FCC county_fips INTEGER recast. The original VALIDATION_REPORT flagged 12 FCC parquets storing county_fips as INTEGER. County-level files are now fixed to zero-padded VARCHAR; non-county grains carry the column as 100%-null (correct — those grains have no county key). The remaining FAIL is fcc_bdc_mobile provider_summary provider_id as int64 — but that is an FCC identifier, not a FIPS, so cast-on-read suffices.
Prefixed / multi-row keys. HUD CHAS geoid is summary-level-prefixed (1400000US04013010102 — strip with SUBSTRING(geoid, 10) or LIKE); HUD FMR county FIPS is the first 5 chars of a 10-digit fips; IRS SOI is multi-row per ZIP (5 AGI brackets — aggregate or join on (zip5, agi_bracket)); Tigerline tract county_fips is 3-digit (use geoid[:5]).
Known gaps & status
The cache is curated, not finished. Honest open items from the QA audits:
| Item | Status | Detail |
|---|---|---|
| Redfin ZIP weekly | FAIL — empty | 0-row parquet; ETL never wrote data. Raw TSV (1.5 GB) exists; re-ingest required. |
Redfin county fips_code | FAIL — 99.8% null | Only 4 FIPS populated; region_name + state_fips + cbsa usable as workaround pending FIPS re-derive. |
| USGS NLCD county | FAIL — partial | 2,287 of ~3,143 counties (856 missing); re-pull required. |
| MS USBF | FAIL — stub | 16-row AZ+DC stub; national pull never completed. |
| ACS BG 34 dead columns | WARN | 34 cols 100% NULL at BG (B07001/B08006/B17001/B19083/B25097 — not published at BG).

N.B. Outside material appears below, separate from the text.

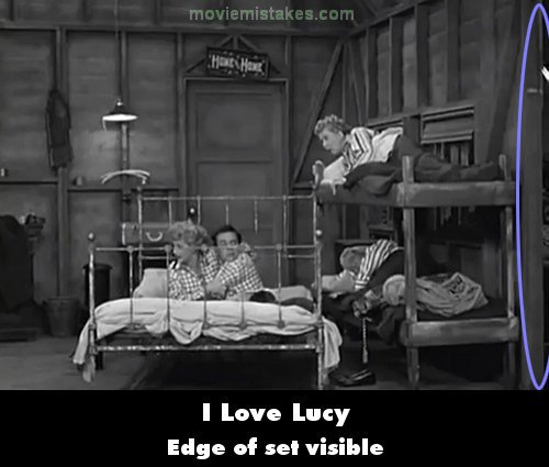 Visible crew/equipment: While Lucy and Ricky are lying in the sagging mattress "canoe", when the train passes and their bed rolls towards the bunk bed, the end of the set wall is visible at the right side of the screen. (00:17:30)
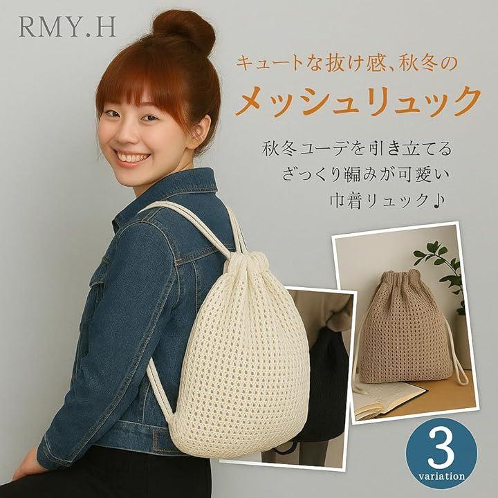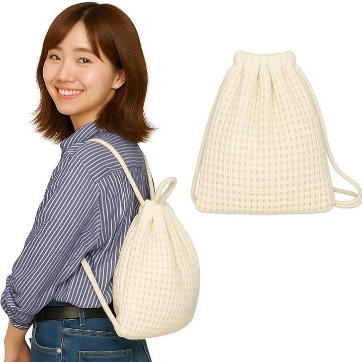 製品概要 韓国っぽスタイルにぴったりな「メッシュ巾着バッグ」は、軽やかで透け感のある素材が魅力のナップサック型メッシュリュック。

No data loss; schema bloat only. |
| FBI UCR · FRED macro | WARN — empty dirs | Spec + script exist, zero parquets. planned |
Overall validation across the cache: 115 PASS · 6 WARN · 13 FAIL (VALIDATION_REPORT totals). The 13 FAILs are the 12 FCC INTEGER-FIPS files (since recast) plus the empty Redfin ZIP. Tier-F (local market context) wiring of these into the REI feature builder is in progress — three model features (listing_duration_months, months_since_prev_sale, mortgage_age_months) remain under leakage audit and are unvalidated under audit.
Where this connects
Summary card and deep-link target: Data sources → US demographics cache. The property-record side (how permits match to parcels) is on the same page. The geocoding helper that resolves lat/lon → block-group geoid for these joins lives at src/new_model/geocoding.py; the full per-source specs at notes/demographics/<source>_spec.md and the cross-source manifest at data/demographics/MANIFEST.json.
Rendered from notes/demographics/ (README + DATA_CATALOG + specs + audits).